Umm, yeah. I'd like to see some evidence that performance on such gamed-up
"tests" have any more hard correlation with actual, real, in-the-trenches job
performance... than with, say, a candidate's sun sign, or the palm readings
from a psychic down at the mall...

 _Developers must be able to work in collaborative, team-based environments.
To test this skill, team up applicants with current employees. For example, we
have applicants join Lextech developers in an Xbox game.
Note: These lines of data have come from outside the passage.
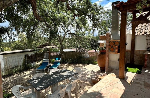 refúgio da águia is 5 min away from montargil dam It is located in a quiet area full of nature. It has an outdoor area with swimming pool, barbecue area and leisure. Its view on the hillside invites you to an evening full of tranquillity. The Refúgio is a totally restored accommodation keeping some old features and the character of the accommodation. It has 3 connecting bedrooms. A double bedroom in the centre and two single bedrooms on each side. Ideal for couples with 2 children.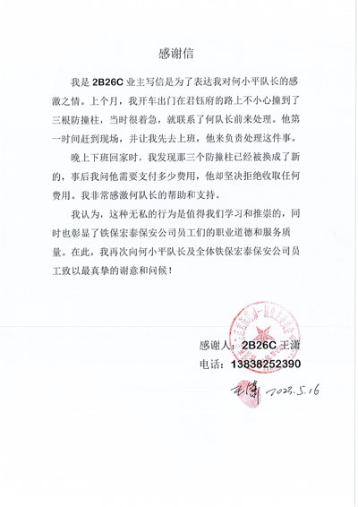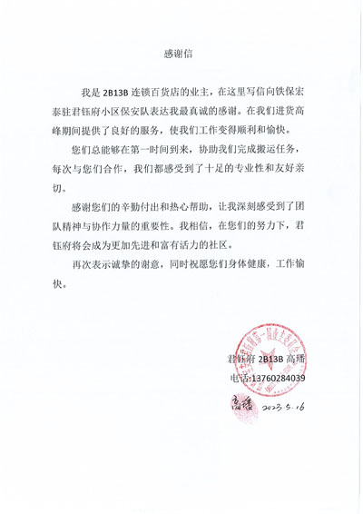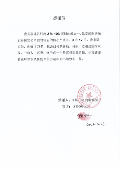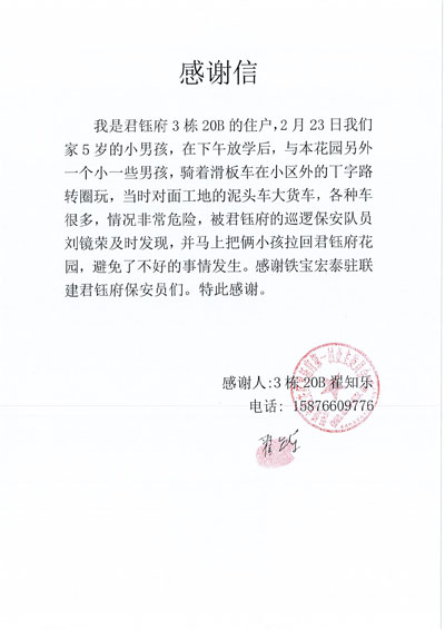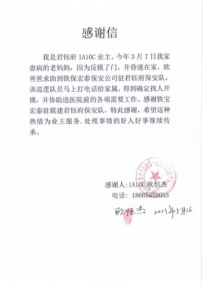 深圳市寶安區(qū)君鈺府小區(qū)業(yè)主致信感謝鐵保宏泰深圳保安公司駐聯(lián)建君鈺府保安隊(duì)安保隊(duì)員。感謝鐵保宏泰保安隊(duì)員為君鈺府的付出及生活的各種幫助。鐵保宏泰保安公司熱情為業(yè)主服務(wù)每一天。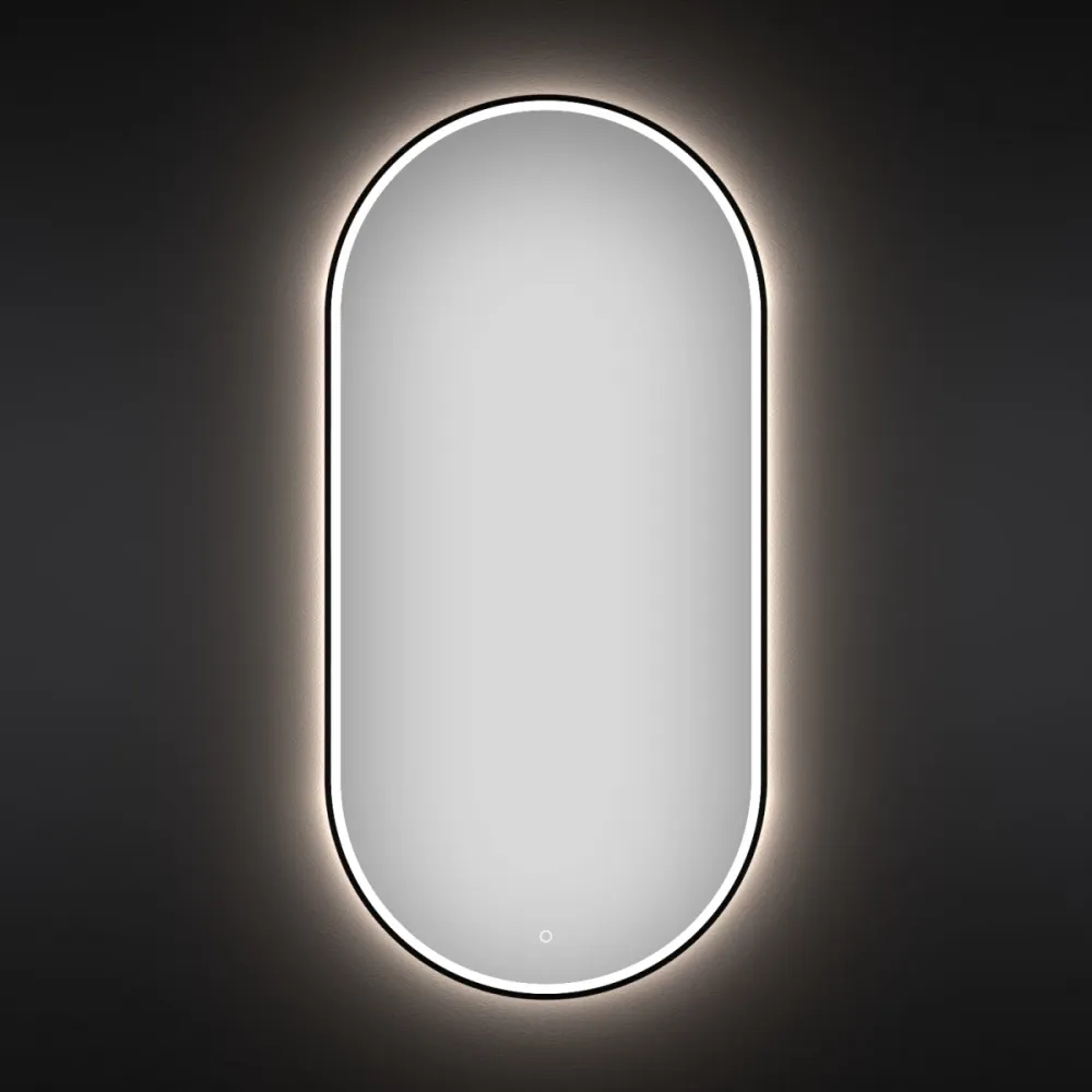 Влагостойкое зеркало с подсветкой для ванной комнаты Wellsee 7 Rays' Spectrum 172201580, размер 40 х 80 см, сенсор, с черным матовым контуром (настенное зеркало с яркой фронтальной LED-подсветкой)

This part of the
interview isn’t about the candidate’s gaming chops –- it’s about measuring the
candidates’ ability to work with others in a pressure-filled environment._

Unless of course the candidate is over the age of 25 or so, or similarly
possessed with enough sense of self yo recognize that they have no time for
such childishness... and correspondingly, find an appropriate, tactful excuse
to cut the interview short, and ask for directions to the next elevator.

------
orangecat
Whenever I see amazing new interview techniques, I think of the fun that anti-
discrimination lawyers could have with them. It would not be difficult to make
the case that having candidates play Xbox games is heavily biased in favor of
young males.